TASK DETAILS: Lower down are entries containing pictures. Copy exactly, without those pictures, the lines from the line with "Cressi sind meine" through the line with "向交往6年的女友Kammie求婚,一旁的瀑布流瀉而下,景色相當優美。".

Stored dataset items
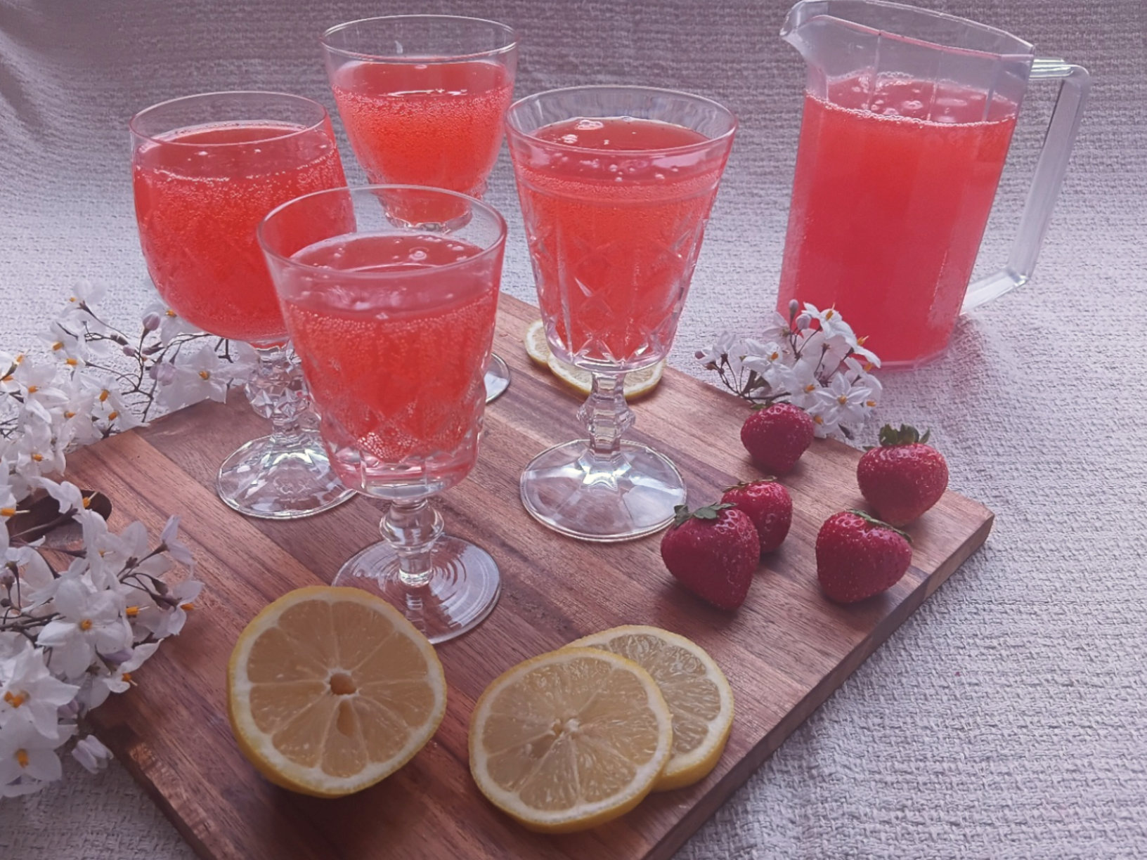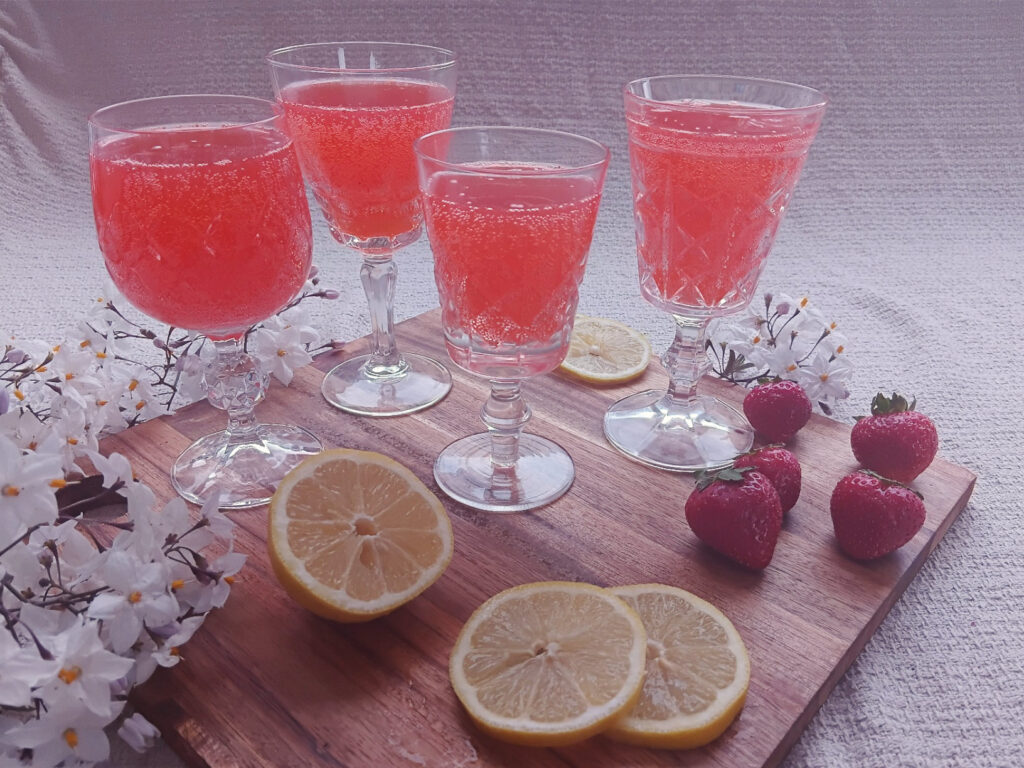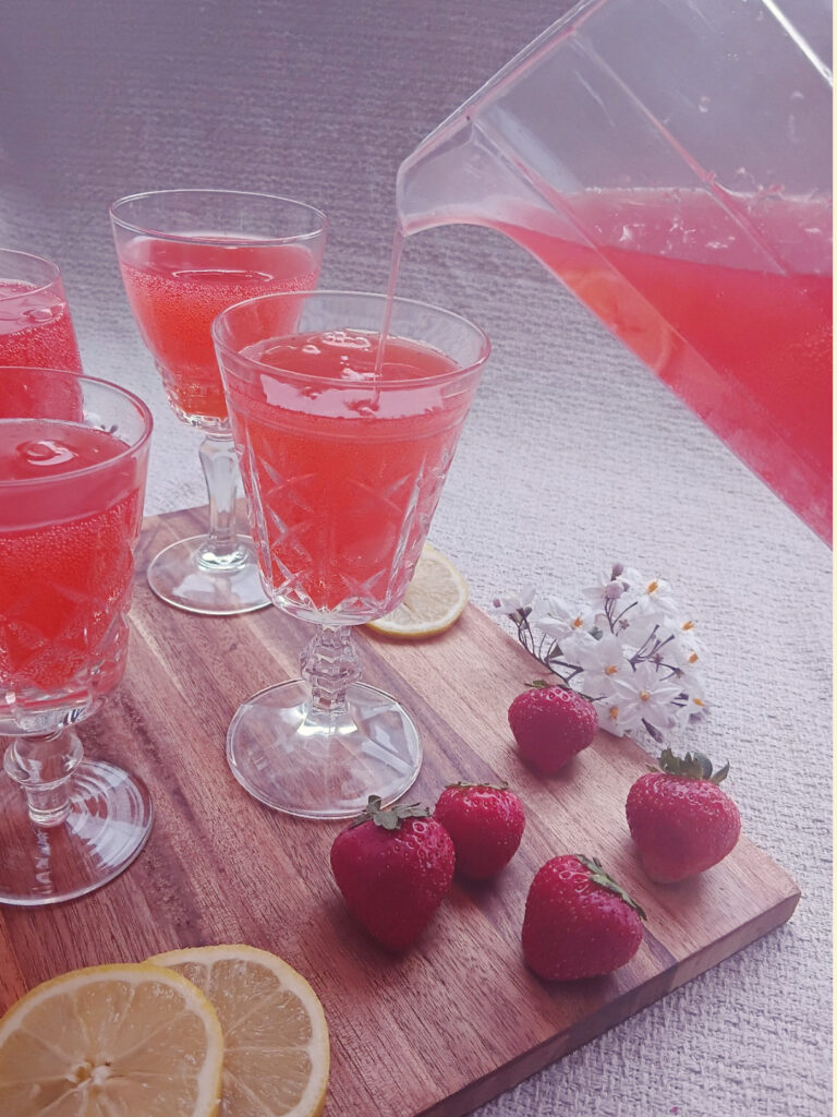 For my pink lemonade I use strawberries. I really like to ensure that the flavour of the lemon and the “pink” addition both shine.
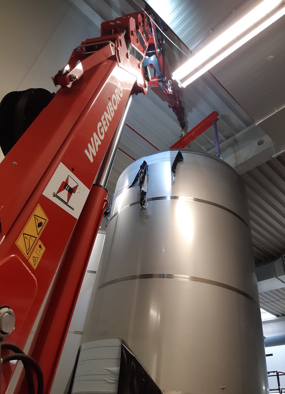 The C30 carefully lifted the tanks into a vertical position and placed them on the foundation. With just 10 centimetres between the top of the crane and the roof of the building, this was a task that demanded some very high precision on the part of the operator!
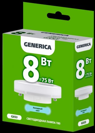 Generica LL-T80-08-230-65-GX53-G Лампа LED T80 таблетка 8Вт 230В 6500К GX53
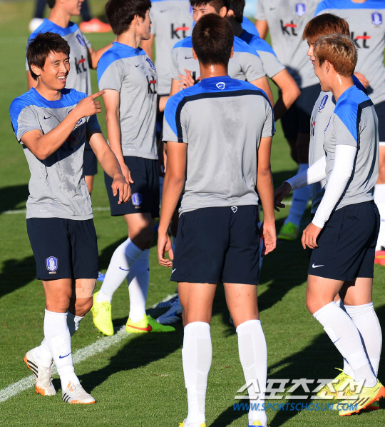 브라질월드컵 조별예선 2차전을 앞둔 홍명보호가 20일 오전(한국시간) 이구아수 플라멩고 경기장에서 알제리전을 향한 훈련에 돌입했다. 대표팀의 최장신 공격수 김신욱이 키재기 심판으로 나서 구자철과 손흥민의 키를 재주고 있다. 선수들은 평균키로 세팀으로 나뉘어 패스게임을 진행했다. 대표팀은 평균신장으로 세팀으로 나뉘어 패스게임을 진행했다.
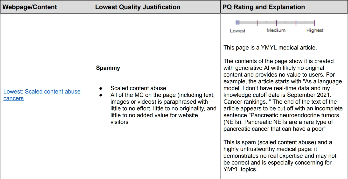 - AI-generated content that lacks originality or is mass-produced will receive the lowest quality rating.
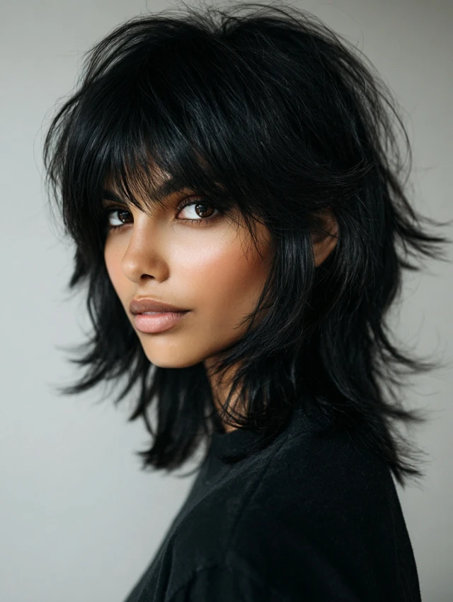 The classic black wolf cut features jagged layers at the crown and tapered ends. Works well for oval, round, and heart-shaped faces. Medium to thick hair holds the layers and texture naturally.
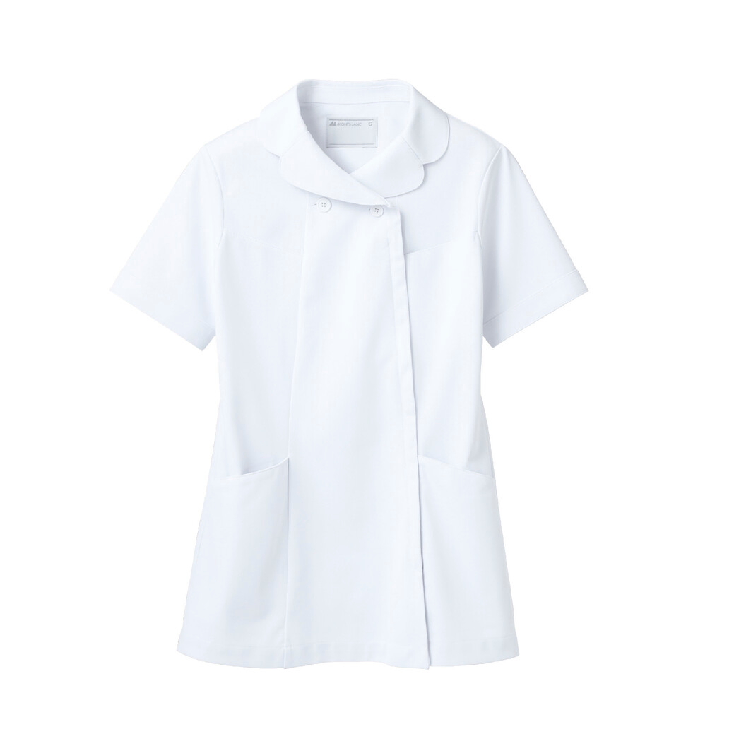 住商モンブランのメディカルジャケットです。 制菌・透け防止・制電・防汚加工を付与し、かわいい襟とダブルボタンで、印象に残る上品な装いのアイテムです。
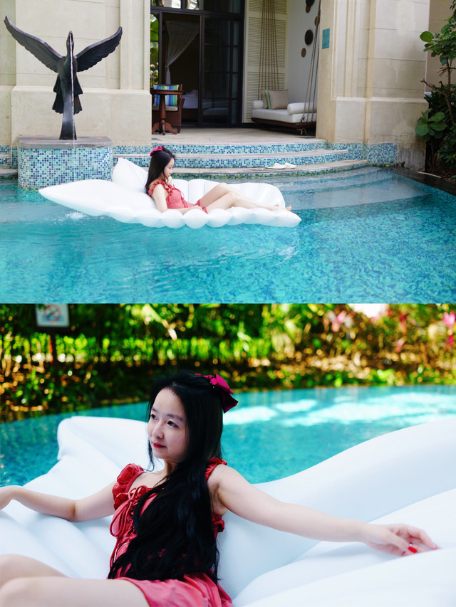 整体是欧式城堡的建筑风格,公共区域有着大片的草坪,在阳光的照耀下真的好美;一楼直通泳池的房间,是这里最火爆的房型,我们到的比较晚了,只剩下最边上的一间,不过我觉得挺好的,脚可以跨出去到泳池对面拍照,其他房间只能游过去哈哈~ 酒店内还可以租泳圈道具,35元/次,女生看了都会很心动吧。
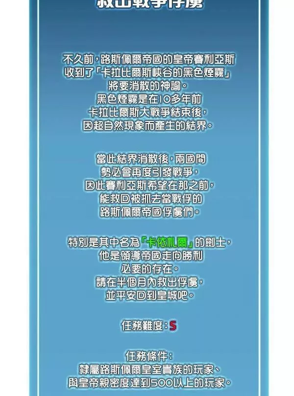 简介「卡伊兰」是一款全球知名度最高的VR(虚拟实境)游戏。而伊安则是在虚拟实境学系系上,众人公认的游戏成瘾者。身为伺服器排行前段的弓箭手,伊安为了转职成偶然获得的隐藏职业,不顾众人反对,果断删除了苦练到93等的角色。而他选择的职业,竟是卡伊兰最令人无言的召唤术士?不料,祸不单行,伊安若是想逃出成绩被打上F的危机,就必须在两个月内把角色练回93等...然而在练等出了名地困难的卡伊兰世界里,爬上100等至少需要1年。伊安就此展开了两个月内要练到93等的「不可能的任务」...为了升等,必须更快、更彻底、更有毅力。「驯兽大师」开始了一段属于他的传说之旅!
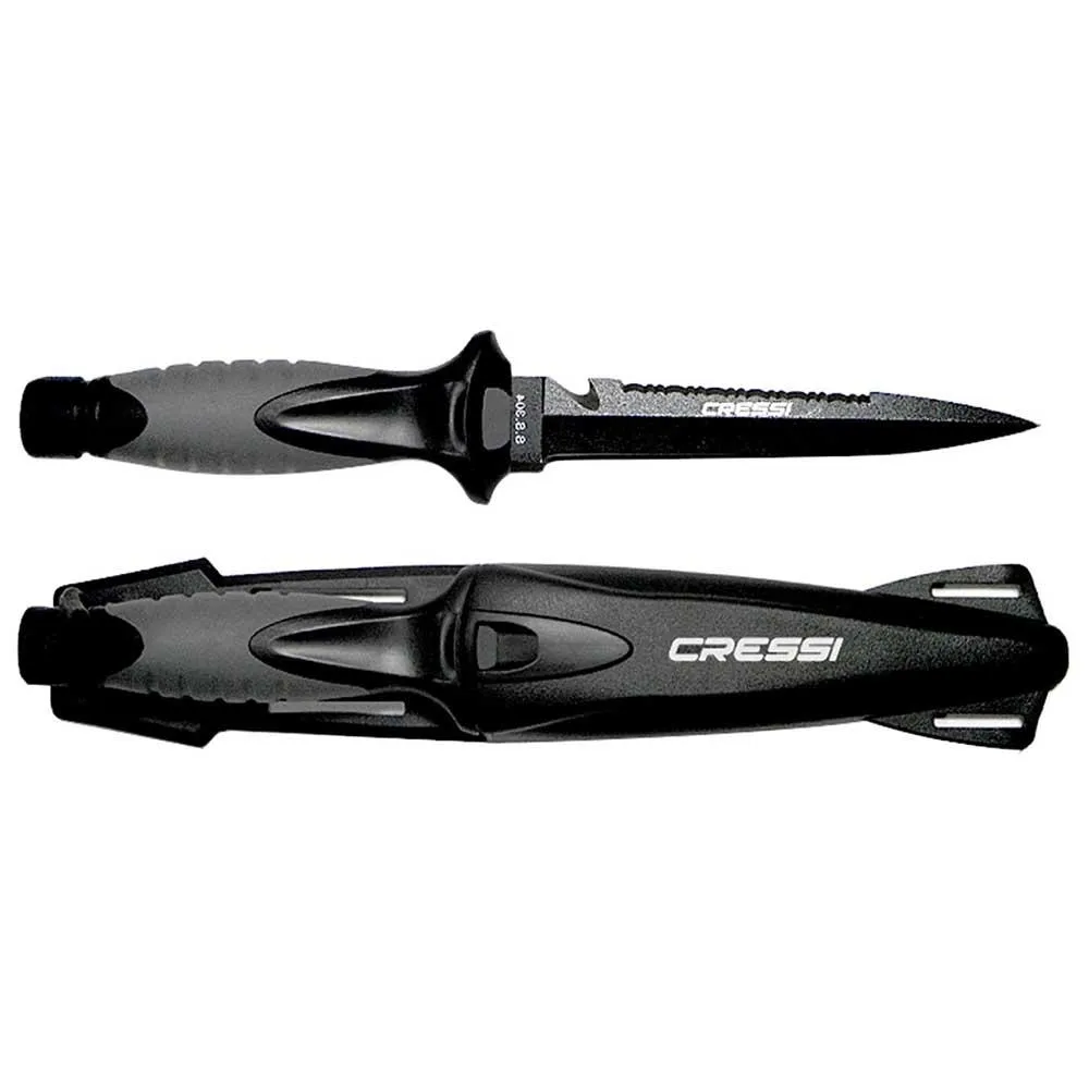 Cressi sind meine Lieblingsmesser seit 2010, sehr einfach zu bedienen, hochwertiger Edelstahl, trägt sich am Bein, fällt nie ab und reinigt Fischschuppen problemlos.
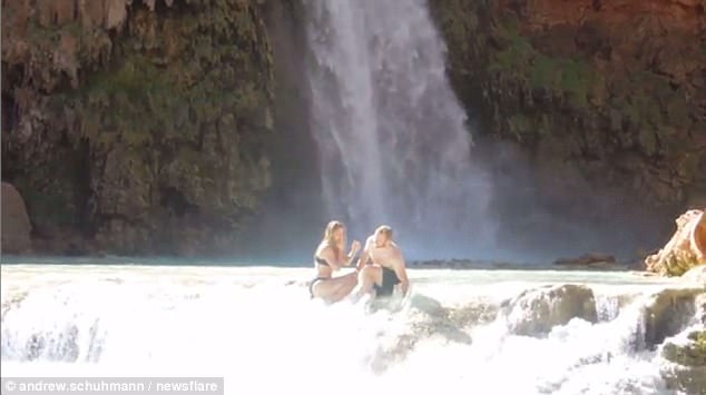 向交往6年的女友Kammie求婚,一旁的瀑布流瀉而下,景色相當優美。
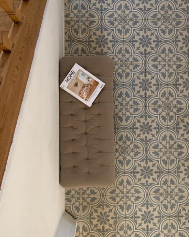 - Dans l’entrée : Créez un sol d’aspect original et accueillant en jouant avec des motifs géométriques ou floraux. Avec son ton naturel et reposant, le carreau de ciment vert offre une première impression délicate et esthétique idéale, qui résistera au fort passage de votre famille et de vos invités.
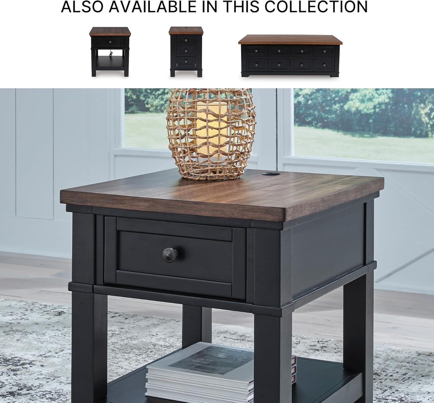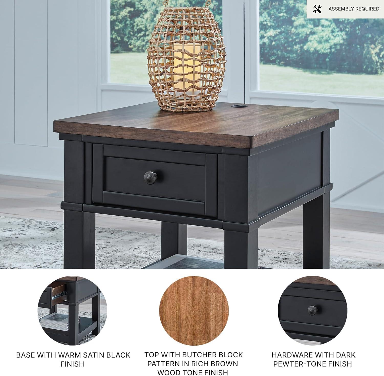Raise the bar on modern farmhouse style with this end table. Its sturdy silhouette and casual good looks are accentuated with a two-tone finish, which pairs a warm satin black base with a contrasting butcher block veneer top. A spacious storage drawer and dual USB charging ports keep devices powered up and close at hand. Whether your style is vintage, country or eclectic, this table adds a hearty element.
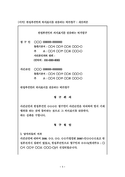 주요내용 : 피한정후견인에게 중요한 법률행위가 필요한데 한정후견인이 정당한 이유 없이 동의하지 않거나 동의를 거부하여 피한정후견인의 이익이 침해될 우려가 있을 때, 피한정후견인 또는 이해관계인이 가정법원에 청구하여 한정후견인의 동의를 법원이 대신 승인해주는 허가를 구하기 위한 목적으로 사용되어지는 청구서 양식임. 단 무단전재 방지목적으로 PDF 파일로 올리니, 구매하신 후 혹 원본 파일이 필요하신 분들은 톡이나 문자, 메일, 전화 등을 주시면 작성방법 등에 대한 간단한 무료상담과 함께 원본 파일을 보내드리도록 하겠습니다.
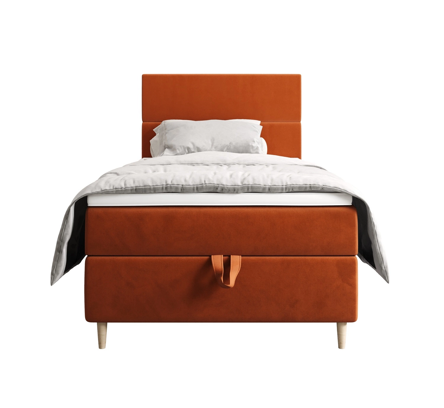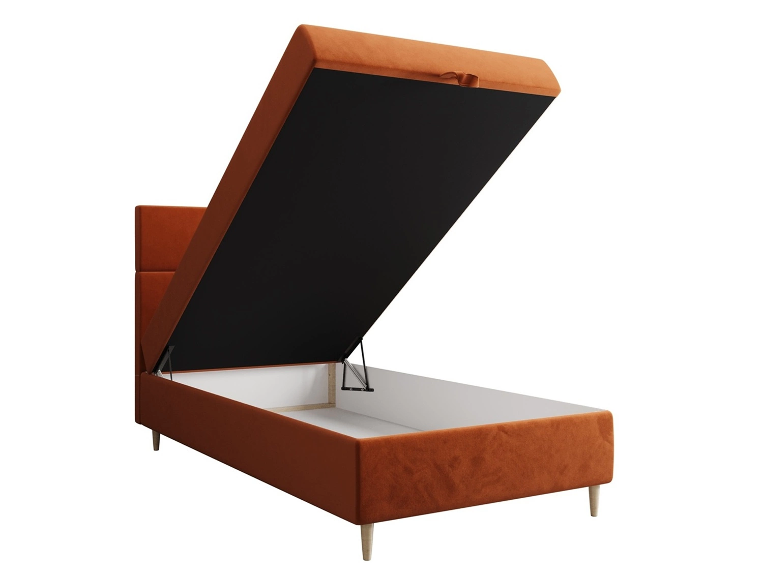 Łóżko kontynentalne Bing 120x200 ceglaste w nowoczesnym skandynawskim stylu z tapicerowanym zagłówkiem łóżko z pojemnikiem

ANSWER FOR THIS EXERCISE:
 Cressi sind meine Lieblingsmesser seit 2010, sehr einfach zu bedienen, hochwertiger Edelstahl, trägt sich am Bein, fällt nie ab und reinigt Fischschuppen problemlos.
 向交往6年的女友Kammie求婚,一旁的瀑布流瀉而下,景色相當優美。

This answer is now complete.